Furthermore, the features offered to a user are often limited by clients based on the capabilities (e.g. Last Message Correction) of the locked-to resource. This introduces race conditions and incompatibility when the chat partner switches devices or reads up the conversation from an offline storage / archive.

Proposed change

Eliminate resource locking in XMPP 2.0 entirely. Instead, always send conversational content to the bare JID. Messages sent to the full JID in XMPP 2.0 are specifically addressed to the resource and will not be carbon-copied, as described in the previous section.

It needs to be evaluated whether a limited resource locking mechanism is needed to appropriately route IQs, and which IQs are actually meant for the chat partner's account vs. a specific device.

Migration path in a hypothetical XMPP 2.0 Session

None needed. Chat conversations work fine without any resource locking today.

Client Session Setup

Current situation

A client that (re)connects to its server needs to perform these steps:

  1. Authenticate (actually: establish an XML stream, convert to TLS, establish a new XML stream, perform SCRAM or some other multi-step auth mechanism)
  2. Attempt Stream Resumption. On success the connection is established, on failure the client needs to continue:
  3. bind a new session
  4. Enable Carbons
  5. Send initial presence
  6. Obtain offline messages
  7. (optionally) query the MAM archive and deduplicate with offline messages
  8. Join MUCs

There is a race condition between enabling Carbons and synchronizing MAM, and the number of steps and round-trips is tremendous.

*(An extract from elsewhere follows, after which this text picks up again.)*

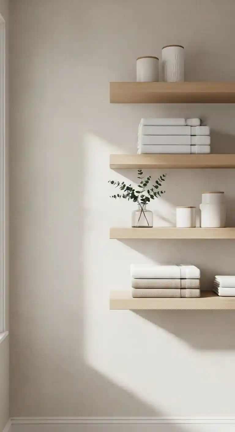 Wood shelves, baskets, or even paneling bring texture and organic warmth.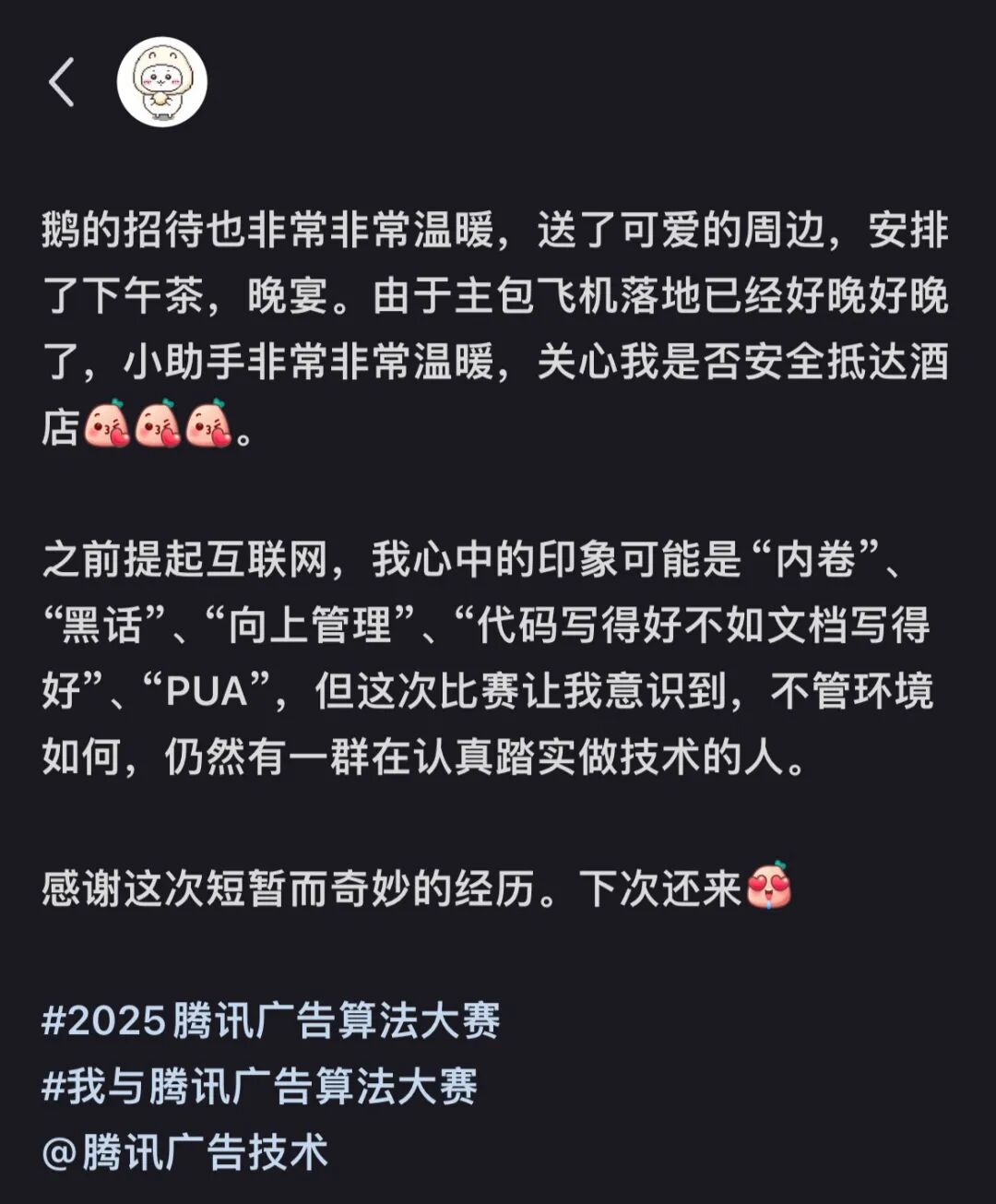 不管是这次的算法大赛还是之前把招聘会直接开进ICCV 2025,在聊技术、聊求职意向之余,腾讯都额外为参加活动的同学们设置了午餐会、交流晚宴等“面基”局。

XMPP 2.0 Session Initiation

The client and server must coordinate the required information for a sync as soon as possible:

  1. Authenticate
  2. Client sends a bind2 request containing:
    • stream resumption id (optional, to faciliate Stream Resumption)
    • last-known MAM message-id (optional, to achieve full synchronization)
    • MAM request with a time-delta (optional, alternative to message-id if only the history of the last N time units is needed)
    • initial presence (maybe?)
    • MUCs to join (maybe?)
  3. The server automagically figures out whether to do a stream resumption or a MAM sync and provides according data to the client, generates presence broadcast accordingly

The new session automatically feeds the client all stanzas directed at the client's bare JID, resource, and Carbons of sent messages from other resources. This is a change of routing rules in comparison to core rules and Carbons, and it sends all "persistent" messages to the client.

TODO

  • The MAM subscription thing?
  • Sent carbons
  • clarify routing rules with respect to message type
  • are there protocols between clients mixing messages and IQs? are they affected in any way by the routing rules?